I found All Times Possible to be equally fascinating and frustrating with the start of every chapter. It was fascinating in the way that Gordon Eklund tells this story mainly through various third person limited points of view, getting in the heads of each of his characters in turn (with the notable exception of the enigmatic John Durgas). This allows for a great economy of storytelling, advancing both plot and character development in the space of a few lines of interior monologue.
It was frustrating almost for the same reason. Telling the story through so many points of view, it is almost necessary that Eklund have to jump back and forth in time and place. In one of our early views of the protagonist Tommy Bloome, we see him remembered as a young man some twenty years later by Nadine, his lover at the time.
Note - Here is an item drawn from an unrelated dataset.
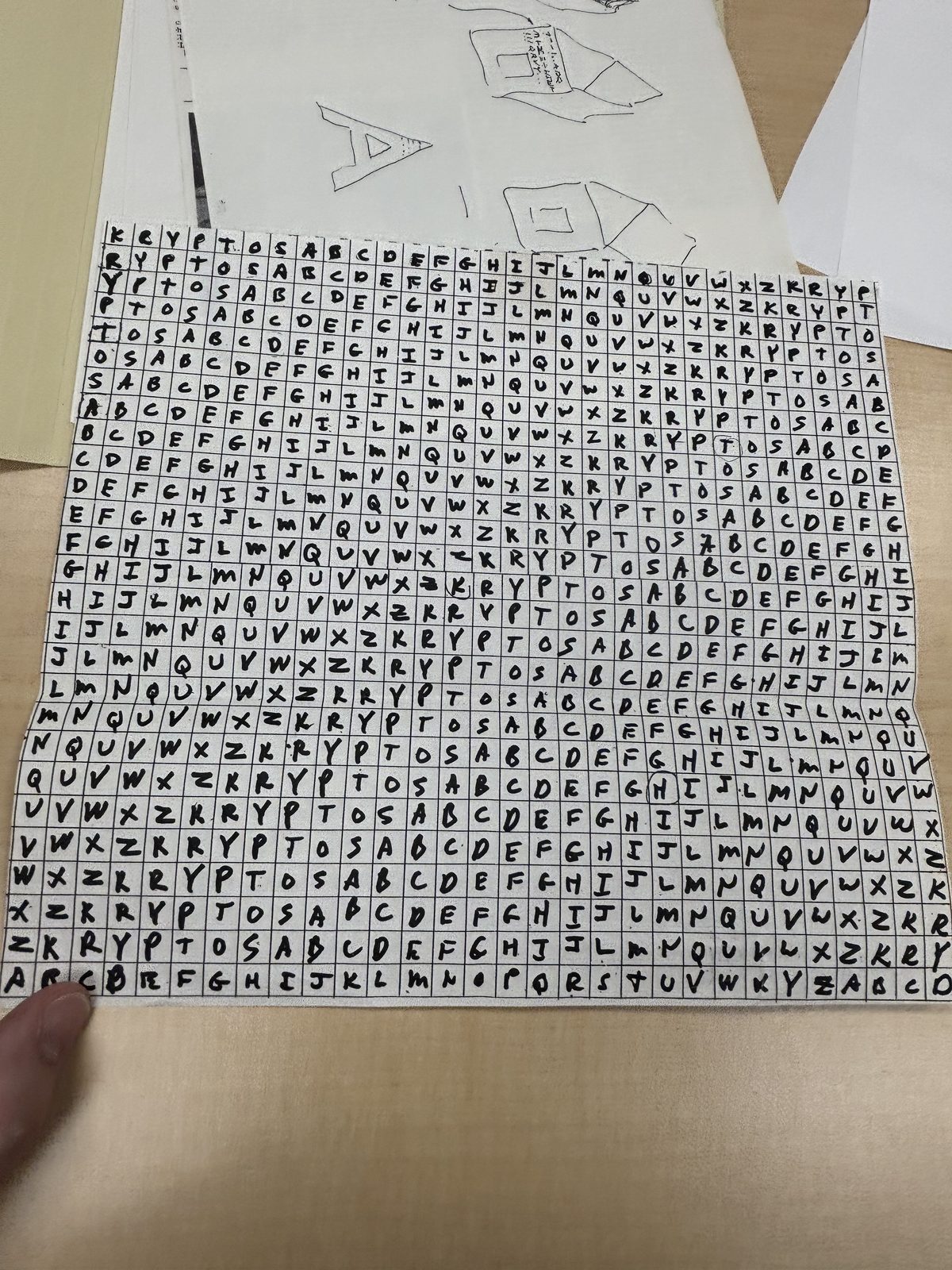 The physical 26×26 Vigenère tableau using the KRYPTOS keyword-mixed alphabet (KA). This is the encryption tableau for K1–K3 (Quagmire III variant). The large letter “A” is visible at top, and a sketch of the sculpture form appears above. The community has long known the tableau structure from cryptanalysis; this is the original working document.

Although we get a good fleshing out of Tommy's character in this chapter, the reader is left to wonder what role Nadine will play in the rest of the story, (Spoiler:)
The plot itself seems to have some holes, but it is hard to tell due to the disjointed narrative. At the end of the book, the antagonist John Durgas drops a rather large plot point in the reader's lap which is not satisfactorily addressed, at least not in the remainder of the book. It may be that there are subtle clues scattered throughout the book, but I didn't find myself motivated to go in search of them. I have a guess as to the solution to the point Durgas brings up (Spoiler:), but no real textual evidence.
An interesting read, worth it for some masterful characterization, but a little weak on plot.
A story about trying to pull the strings of history. I regret my vague knowledge of Marxist historical theory, since I think that would have helped me understand the author's intent; nonetheless, it struck me as quite a good work of alternate history, more thoughtful than most entries in this often-trivial genre; narrated with skill, too, from multiple points of view. No longer than it needed to be.